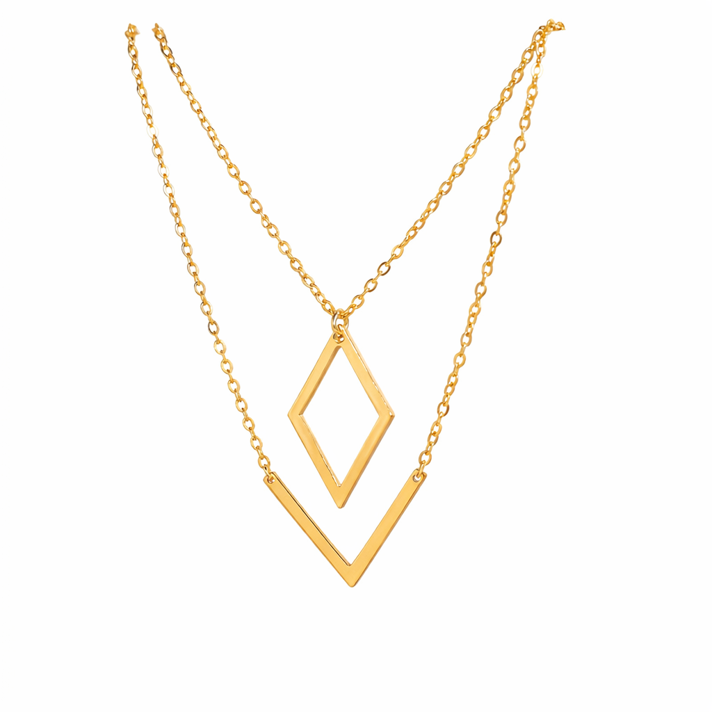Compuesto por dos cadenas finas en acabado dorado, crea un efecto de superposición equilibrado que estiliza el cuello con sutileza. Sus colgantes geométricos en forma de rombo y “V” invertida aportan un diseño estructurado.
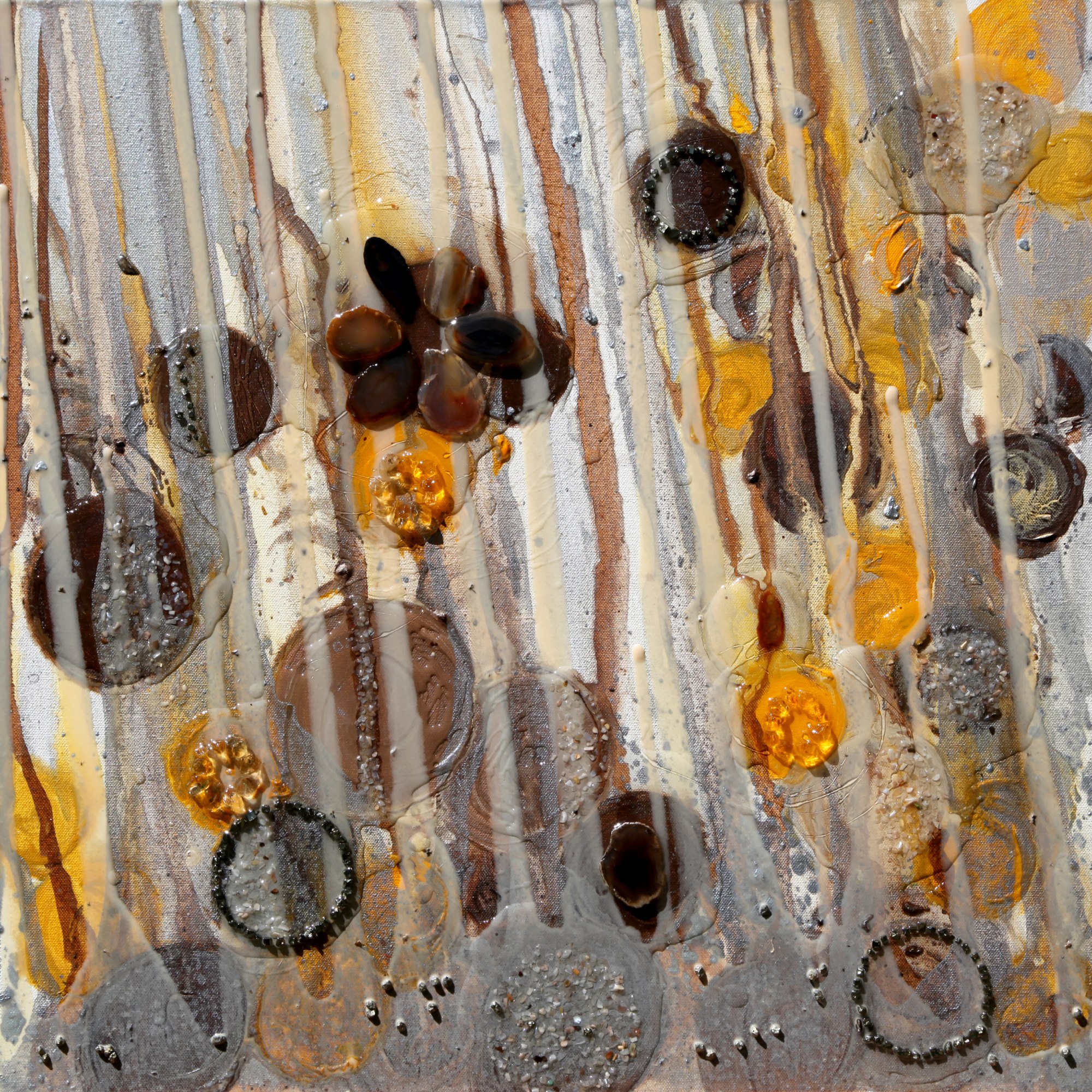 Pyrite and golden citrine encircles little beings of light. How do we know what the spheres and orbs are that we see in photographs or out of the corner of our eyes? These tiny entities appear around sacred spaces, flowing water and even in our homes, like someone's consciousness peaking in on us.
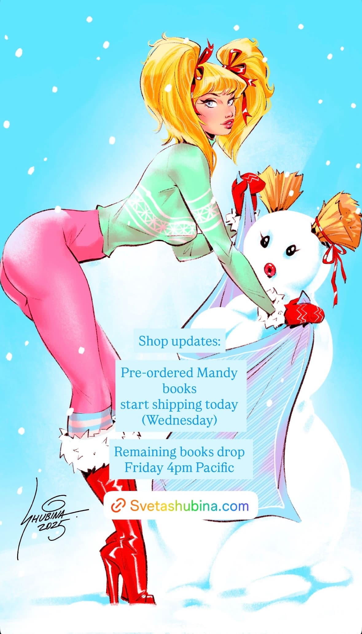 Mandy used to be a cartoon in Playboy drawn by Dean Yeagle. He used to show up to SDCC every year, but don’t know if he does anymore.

:: AIM OF THE EXERCISE ::
Set down the data exactly as it appears, without any images.

:: ANSWER TO THE EXERCISE ::
Compuesto por dos cadenas finas en acabado dorado, crea un efecto de superposición equilibrado que estiliza el cuello con sutileza. Sus colgantes geométricos en forma de rombo y “V” invertida aportan un diseño estructurado.
 Pyrite and golden citrine encircles little beings of light. How do we know what the spheres and orbs are that we see in photographs or out of the corner of our eyes? These tiny entities appear around sacred spaces, flowing water and even in our homes, like someone's consciousness peaking in on us.
 Mandy used to be a cartoon in Playboy drawn by Dean Yeagle. He used to show up to SDCC every year, but don’t know if he does anymore.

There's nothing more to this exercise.